Os orelhões estão de volta em alguns tribunais os EUA. Os juízes americanos vêm proibindo o uso de qualquer dispositivo móvel (celulares, smartphones, tablets) nas salas de audiência. O motivo é que esses dispositivos são usados para fotografar ou filmar testemunhas — e muitas vezes, jurados, juízes e promotores — como recurso de intimidação. Membros da gangue ou da família do réu, presentes na sala de audiência, postam as imagens nas redes sociais, mais tarde, com uma mensagem ameaçadora.

Alguns juízes abrem exceção para advogados, promotores e jurados. Outros não abrem exceções nem mesmo para funcionários da corte, nas salas de audiência. Alguns mais radicais estão banindo dispositivos móveis em qualquer parte do tribunal. Nesse último caso, o tribunal está instalando orelhões, porque, afinal de contas, as pessoas precisam fazer telefonemas.

Outros tribunais montaram pequenos armários, na entrada do tribunal, para as pessoas guardarem seus dispositivos, por US$ 3 dólares. Em alguns tribunais, é possível retirar o telefone do armário, para fazer telefonemas em um lugar designado, e voltar a guardá-lo.

Antes de tomar essas medidas mais drásticas, a maioria dos tribunais colocou placas de aviso na entrada do prédio e nas portas das salas de audiência, informando que era preciso desligar o dispositivo móvel antes de entrar em uma sala de audiência. Mas a maioria das pessoas — especialmente aquelas que entravam na sala de audiência para obter imagens de testemunhas, jurados, juízes e promotores, não respeitavam o aviso.

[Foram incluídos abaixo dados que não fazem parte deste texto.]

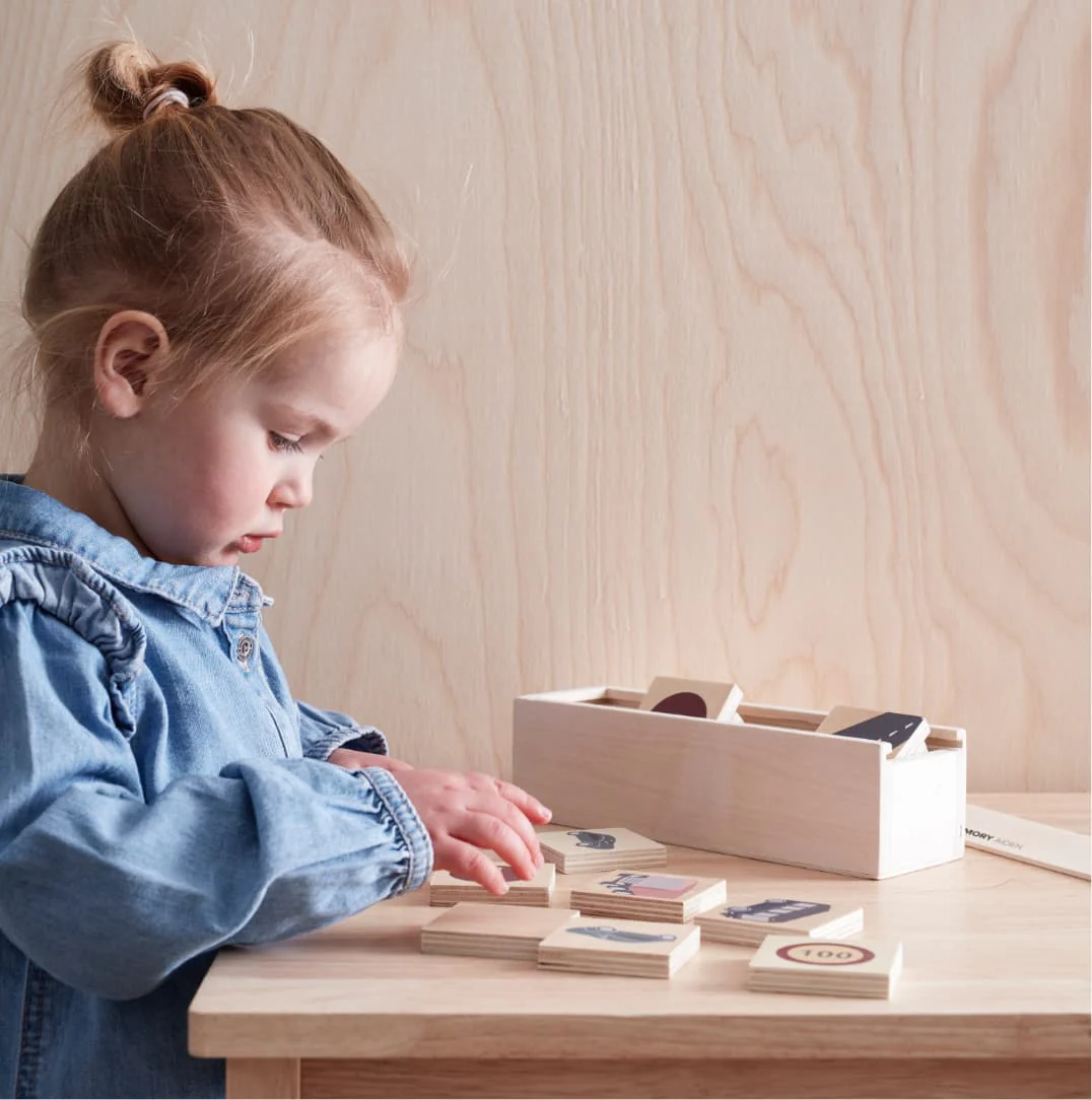 Dit houten geheugenspel van Kids Concept is een geweldige manier om samen met je kind geheugen en concentratie te oefenen. Het Memospel bevat 20 blokjes met afbeeldingen van auto’s, vrachtwagens en verkeersborden. Perfect om letters te leren en te oefenen, terwijl je kind zich verdiept in het herkennen van verschillende voertuigen en verkeersborden. Dit spel stimuleert de fijne motoriek, concentratie en geheugen.

No caso de desobediência, o dispositivo móvel é confiscado e a pessoa é multada. Quem usar o aparelho para intimidar pessoas que podem concorrer para a condenação do réu, será processada por crime de intimidação e por desacato ao tribunal, com penas de multa e prisão (normalmente, dois anos), de acordo com os sites dos tribunais que já adotaram a medida e o Jornal da ABA (American Bar Association).

O crime de intimidação de testemunhas é antigo. A novidade está nos recursos tecnológicos que os intimidadores estão usando. Pela Internet, o processo de intimidação é mais rápido, mais assustador e, portanto, mais eficiente.

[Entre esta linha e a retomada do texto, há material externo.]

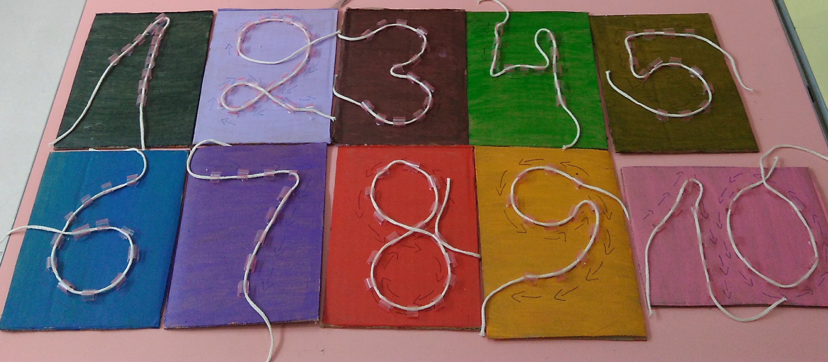 Preparação do Papelão: Pinte cada pedaço de papelão de uma cor diferente. Após a secagem, escreva os números de 1 a 10 em cada um, utilizando uma caneta com tinta permanente.
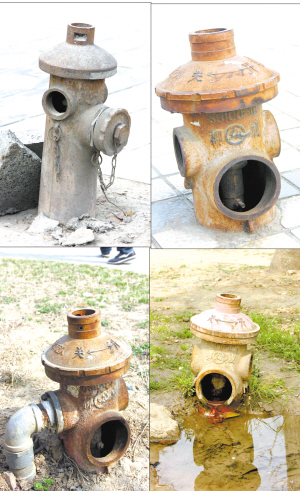 近日,记者在周口市区中州大道与汉阳路之间的滨河公园里看到,有七八处消火栓受损严重,上图是其中的4个。不少市民质疑“这样的消火栓在关键时刻还能不能用”。晚报记者 张擘 金月全 摄
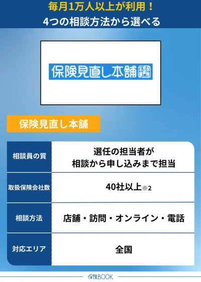 保険見直し本舗は、毎月1万人以上の人から利用されている人気の高いサービスです。
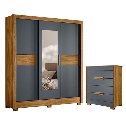 Organize seu quarto com elegância e o melhor custo benefício do mercado. Apresentamos o Guarda Roupa Casal Bahamas e Cômoda Dhara fabricados pela Moval. Guarda Roupa com 03 portas deslizantes e 02 gavetas com corrediças metálicas, portas laterais com moldura de 25mm, espelhos inclusos, puxadores em MDF, cabideiros em alumínio para melhor organização interna, sistema anti-empeno metálico, espaço ideal para roupas longas e pés em PVC. A cômoda possui 04 gavetas com corrediças telescópicas, moldura lateral de 25mm e tampo de 15mm, puxadores em MDF e pés em PVC. Fabricado com materiais de alta qualidade que garante resistência e durabilidade ao produto. Confira mais detalhes e aproveite!
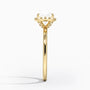 センターダイヤを囲むメレダイヤが光を集め、全体の輝きを最大限に引き立てる人気のデザインです。

Algumas postagens são mais explícitas, como uma que ocorreu na Filadélfia. Foram postadas imagens de testemunhas e jurados, com a mensagem: “Matem todos os ratos”. Outras vezes, mais sutis: “Essa são as pessoas que querem me derrubar”, escreveu uma ré acusada de tentativa de homicídio, que estava respondendo o processo em liberdade, depois de pagar fiança. Quando ela retornou à corte para uma audiência, a fiança foi cancelada e ela foi para a cadeia.

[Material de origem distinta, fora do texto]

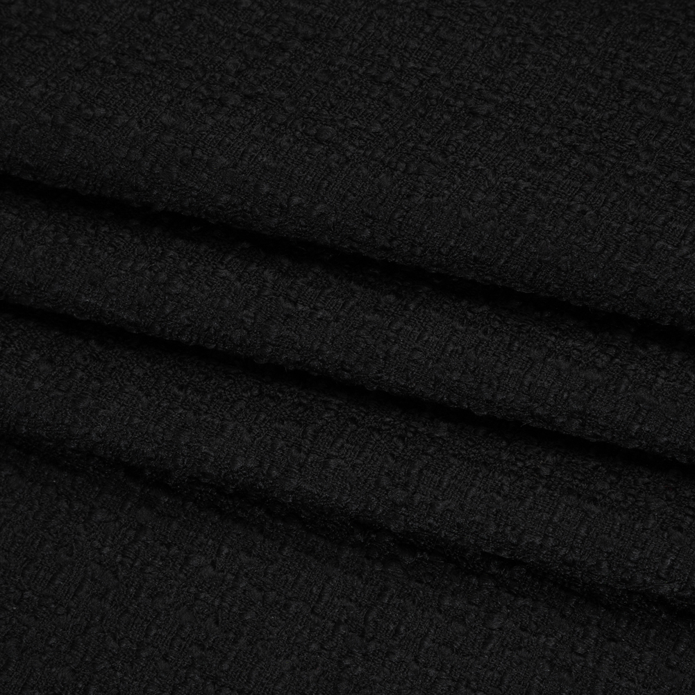 You’ll go black to this Black Wool Blend Boucle every time you dress for work—featuring a softly tactile hand and supple drape.Suggested Projects: Jackets, Dresses, Skirts, TrousersContent: 95% Wool, 5% PolyamideStretch: NoneOpacity: TranslucentLuxury and comfort come together in perfect symphony with this black wool blend boucle. In classic boucle fashion, this fabric lends itself well to casual and formal garments alike, it’s coloring a blank canvas for your creative output. Use its slightly weighted, supple drape to create luxurious jackets to wear against a winter wonderland, chic Jackie dresses, pencil skirts, and flowy cardigans. Translucent, a lining is recommended for opacity, comfort, and warmth.

No bairro de Brooklyn, Nova York, quatro pessoas, todas judeus ortodoxos como o réu, foram expulsas do tribunal, quando elas fotografaram a acusadora de um estuprador de menor que estava no banco das testemunhas. Mais tarde, as fotos apareceram no Twitter e todos os “fotógrafos” foram presos e processados.

Em Cleveland, Ohio, os jurados que ouviam os debates em um caso de homicídio, perceberam que estavam sendo fotografados por uma pessoa na audiência. Assustados, eles avisaram o juiz, que mandou prender o “fotógrafo” sob a acusação de desacato ao tribunal. Mas o juiz teve também de declarar nulo o julgamento, porque os jurados, a essa altura, estavam amedrontados.

Há uma outra forma de intimidar, via Internet. No caso de uma mulher de descendência árabe que acusou o marido de violência doméstica, familiares do réu enviaram mensagens aos familiares da acusadora em seu país de origem, com mensagens do tipo: “Os homens, mulheres e crianças de sua família estão correndo risco de vida, porque a Fulana resolveu acusar o marido de violência doméstica aqui nos EUA”.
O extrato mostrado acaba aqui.